### Dataset records

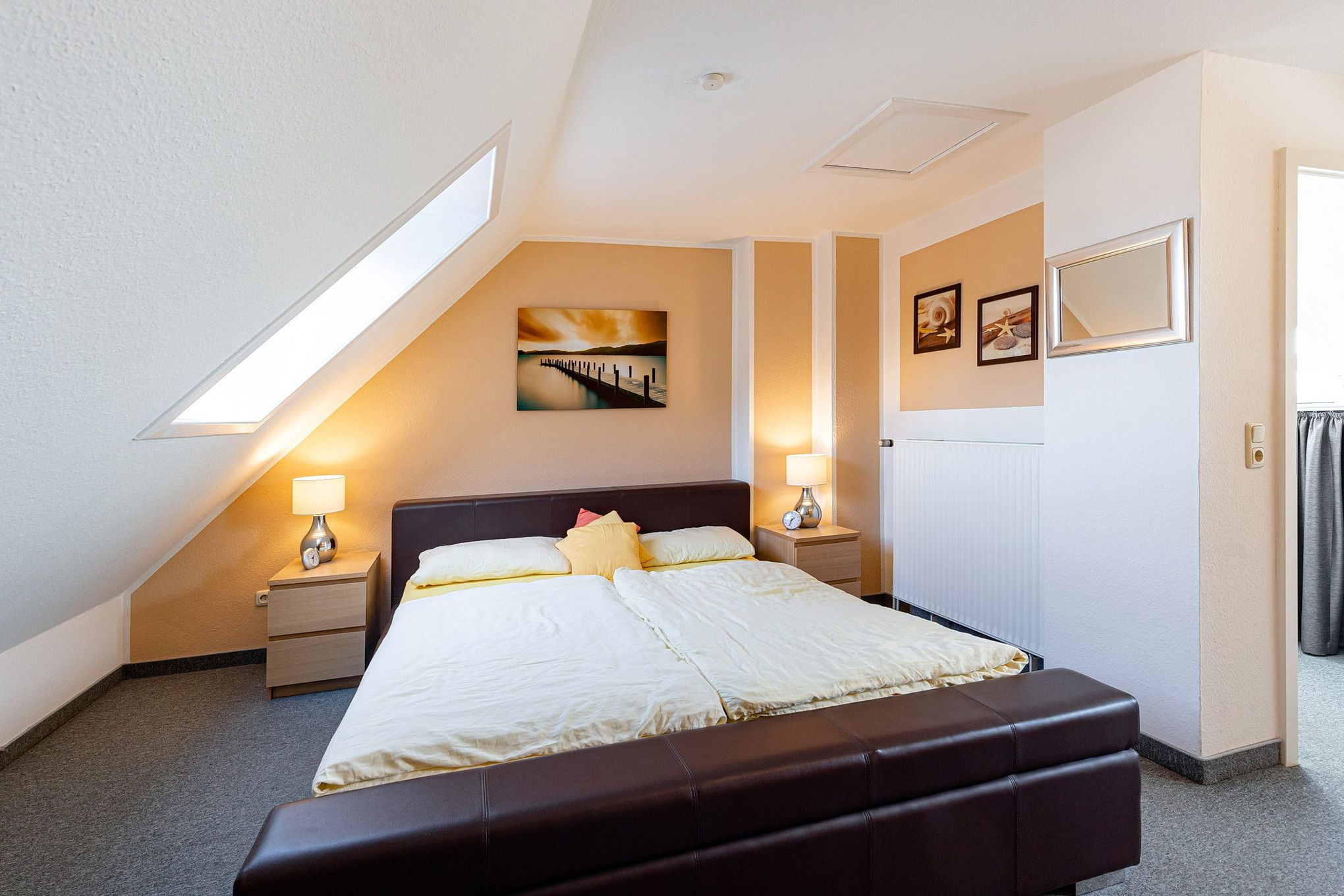 Geräumiges Schlafzimmer in der oberen Etage mit einem Doppelbett (2x 90x200cm), einem 3-türigen Kleiderschrank (ca. 1,50m x 2,20m), 2 Kommoden und gemütlichen Fernsehecke mit Sessel + Hocker. Zur Unterhaltung steht ein 40-Zoll-Smart TV zur Verfügung. Das Schlafzimmer ist mit Teppichboden ausgelegt. Die Dachfenster lassen sich durch elektrische Außenjalousien vollständig verdunkeln. Teilseeblick.
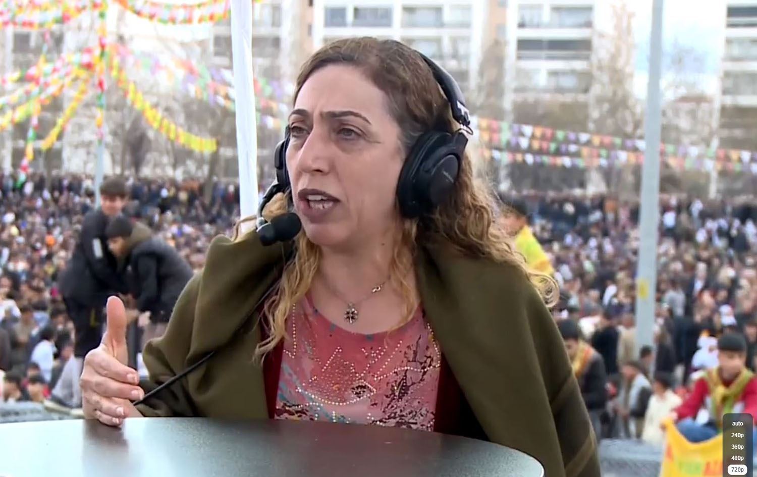 Salihe Aydeniz, an MP from DEM Party, speaks to Rudaw amid huge public gathering in Amed on the occasion of Newroz on March 21, 2025. Photo: Screengrab/Rudaw
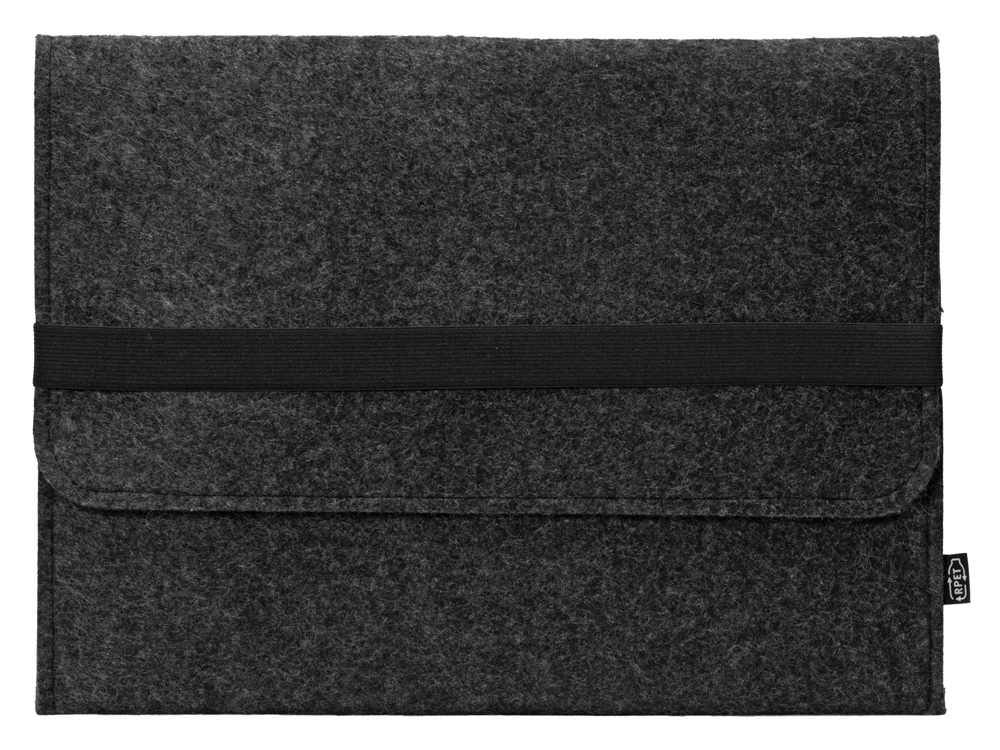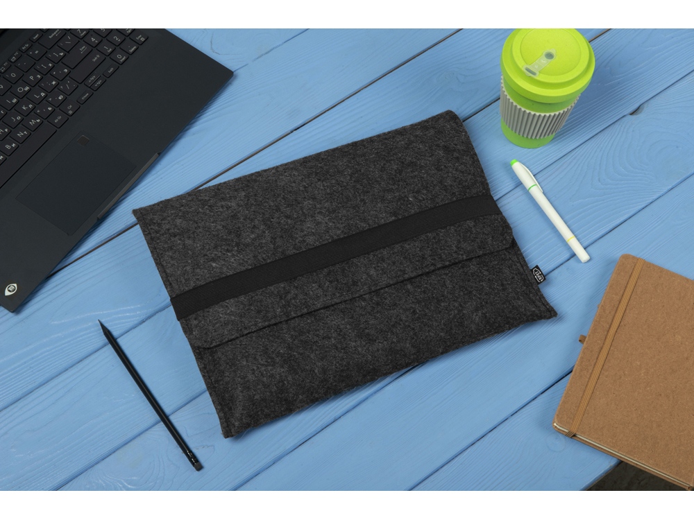 Чехол для ноутбука выполнен из фетра толщиной 3 мм. С передней стороны расположен органайзер размером 13x27 см для канцелярских принадлежностей, карт и телефона. Чехол фиксируется в закрытом виде с помощью эластичной ленты.
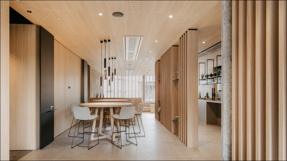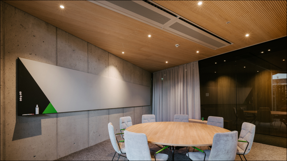Die Bürofläche ist in 14 Bereiche unterteilt, die jeweils durch einen Miniserver Compact automatisiert werden. Dadurch werden optimale Arbeitsbedingungen in jedem Bürobereich gewährleistet. Darüber hinaus verfügt jeder Mitarbeiter über eine NFC-Karte, mit der die Abrechnung von Mittagessen, Snacks oder Kaffee unkompliziert erfolgt.
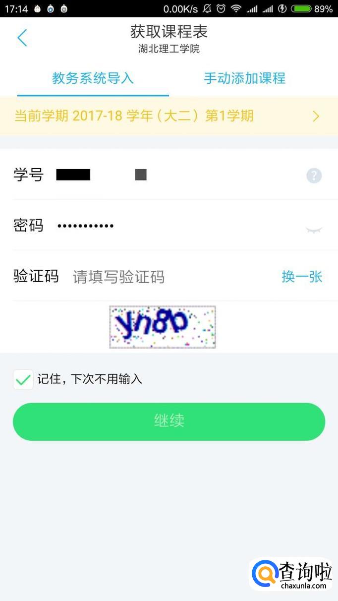 接下来界面会出现“从教务系统导入”和“手动添加课程”两个选项,我们选择“从教务系统导入”,输入学号,教务系统密码,验证码,完成后点击“继续”。
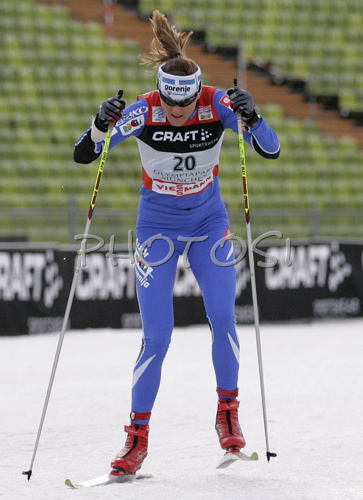 : Petra Majdic of Slovenia skiing in qualifications of first race of FIS Viessmann Tour de Ski. Women sprint race in Munich, Germany was, after cancelation of races in Nove Mesto, Czech, first race of FIS Viessmann Tour de Ski and was held in Olympic stadium in Munich, Germany on 31st of December 2006.

######

Problem description -
Repeat only the lines from the line with "Чехол для ноутбука" to the end of the entries, including both the first and the last line, and drop every picture.

Solution to the exercise -
 Чехол для ноутбука выполнен из фетра толщиной 3 мм. С передней стороны расположен органайзер размером 13x27 см для канцелярских принадлежностей, карт и телефона. Чехол фиксируется в закрытом виде с помощью эластичной ленты.
Die Bürofläche ist in 14 Bereiche unterteilt, die jeweils durch einen Miniserver Compact automatisiert werden. Dadurch werden optimale Arbeitsbedingungen in jedem Bürobereich gewährleistet. Darüber hinaus verfügt jeder Mitarbeiter über eine NFC-Karte, mit der die Abrechnung von Mittagessen, Snacks oder Kaffee unkompliziert erfolgt.
 接下来界面会出现“从教务系统导入”和“手动添加课程”两个选项,我们选择“从教务系统导入”,输入学号,教务系统密码,验证码,完成后点击“继续”。
 : Petra Majdic of Slovenia skiing in qualifications of first race of FIS Viessmann Tour de Ski. Women sprint race in Munich, Germany was, after cancelation of races in Nove Mesto, Czech, first race of FIS Viessmann Tour de Ski and was held in Olympic stadium in Munich, Germany on 31st of December 2006.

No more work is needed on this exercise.